For some kernel subsystems it is paramount that they are guaranteed that
they are the owner of the freeze to avoid any risk of deadlocks. This is
the case for the power subsystem. Enable it to recognize whether it did
actually freeze the filesystem.
If userspace has 10 filesystems and suspend/hibernate manges to freeze 5
and then fails on the 6th for whatever odd reason (current or future)
then power needs to undo the freeze of the first 5 filesystems. It can't
just walk the list again because while it's unlikely that a new
filesystem got added in the meantime it still cannot tell which
filesystems the power subsystem actually managed to get a freeze
reference count on that needs to be dropped during thaw.
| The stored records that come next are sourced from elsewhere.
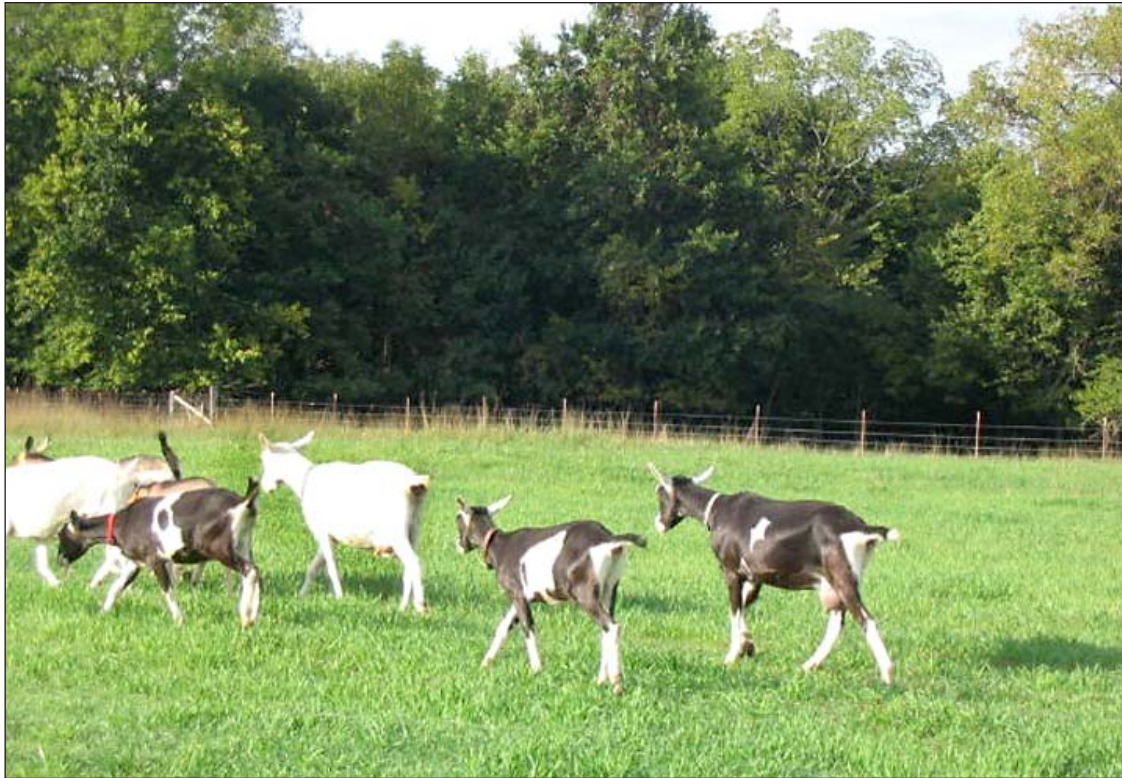
Good pasture management and attention to nutrition help raise healthy small ruminants.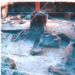
Sarah site 2003 - XU 6 - 9 ...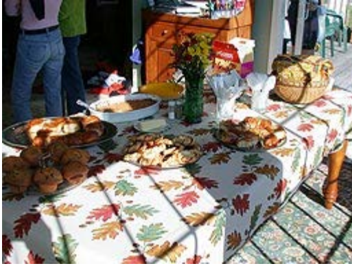
...and these were just the appetizers!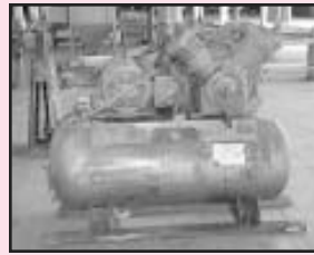
Kellogg Dual Head, Dual Stage Air Compressor, 25 H.P.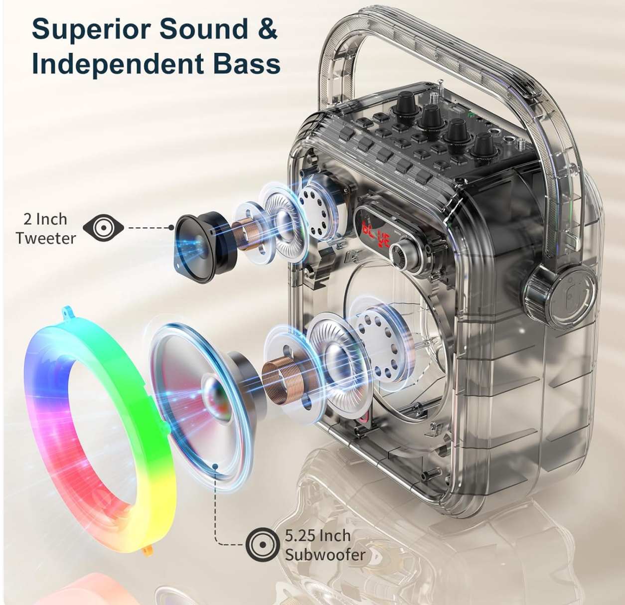
Figure 2.2: Internal speaker components, including a 2-inch tweeter and 5.25-inch subwoofer for balanced sound output.

There's various ways out of this ugliness. For example, record the
filesystems the power subsystem managed to freeze on a temporary list in
the callbacks and then walk that list backwards during thaw to undo the
freezing or make sure that the power subsystem just actually exclusively
freezes things it can freeze and marking such filesystems as being owned
by power for the duration of the suspend or resume cycle. I opted for
the latter as that seemed the clean thing to do even if it means more
code changes.
If hibernation races with filesystem freezing (e.g. DM reconfiguration),
then hibernation need not freeze a filesystem because it's already
frozen but userspace may thaw the filesystem before hibernation actually
happens.
If the race happens the other way around, DM reconfiguration may
unexpectedly fail with EBUSY.
So allow FREEZE_EXCL to nest with other holders. An exclusive freezer
cannot be undone by any of the other concurrent freezers.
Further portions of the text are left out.